I would like to understand the difference of CPU consumption between these two pods.

Steps to reproduce the bug

Install GE enterprise 1.13.15 with the following values.yaml:

gloo:
  gloo:
    disableLeaderElection: false

Scale up the gloo deployment for having more than one replica:

k scale deploy -n gloo-system gloo --replicas=2

You will see that the CPU consumption of the one that is not the leader went high:

gloo-5f6dd5959f-n4g7q                                 10m          53Mi            
gloo-5f6dd5959f-sx2bb                                 1945m        46Mi

Expected Behavior

We expect the two pods to have similar CPU consumption

Additional Context

No response

nfuden commented 1 year ago

@edubonifs what are you deploying this onto?
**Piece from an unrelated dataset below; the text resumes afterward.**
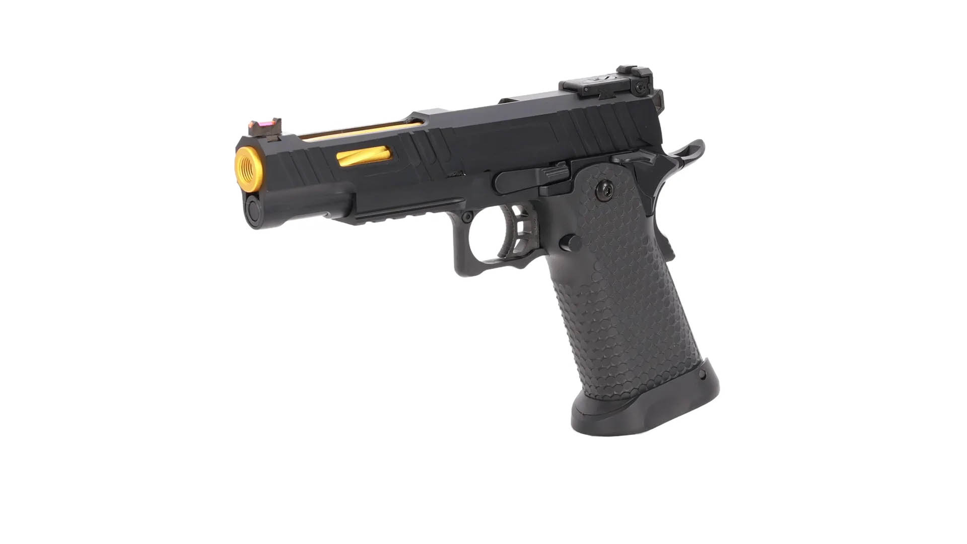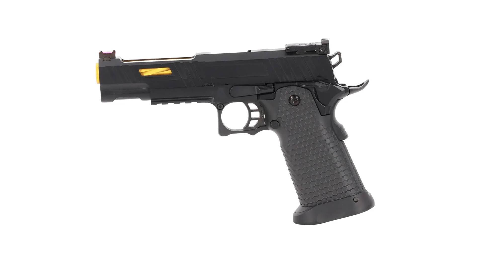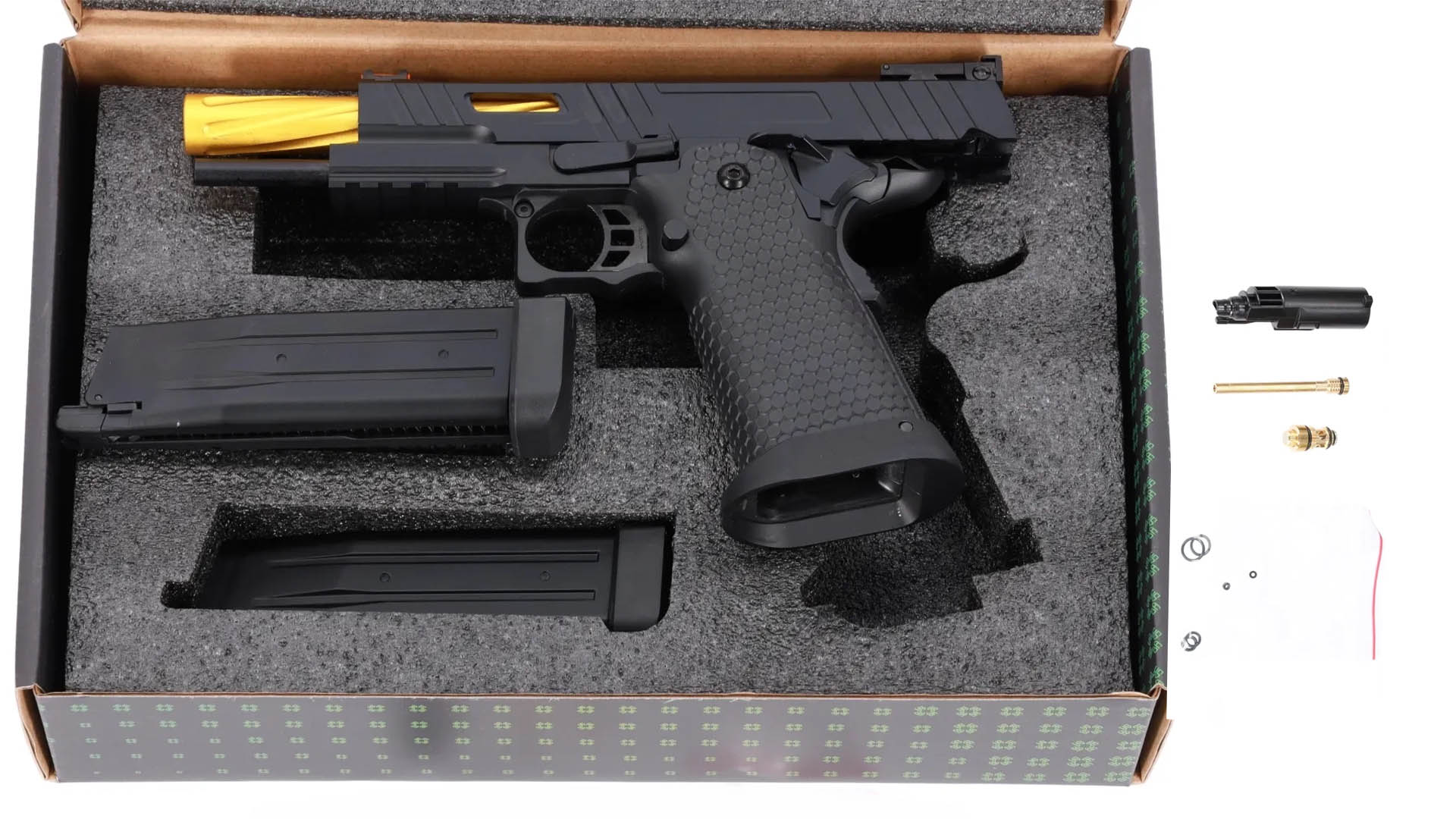• Besondere Eigenschaften: Schlittenfang nach letztem Schuss, goldfarbener Außenlauf, zweite Magazin im Lieferumfang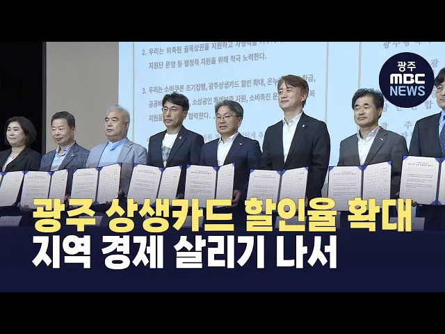 광주시가 광주 상생카드 할인율을 대폭 확대하는 등 지역 경제 살리기에 나섰습니다.광주시는 오늘(23)김대중컨벤션센터에서정책 보고회를 열고 지역 경제를 회복시키는 데 6천 200억 원을 투입한다고 밝혔습니다.광주 상생카드 할인율은 기존 7%에서 13%로 확대되고, 온누리상품권 소비액 5% 환급공공배달앱 활인쿠폰 발행...

I was unable to replicate on Kind

edubonifs commented 1 year ago

I am deploying on eks

andrzej-talarek commented 1 year ago

Hello. I've also similar problems on EKS.

github-actions[bot] commented 4 months ago

This issue has been marked as stale because of no activity in the last 180 days. It will be closed in the next 180 days unless it is tagged "no stalebot" or other activity occurs.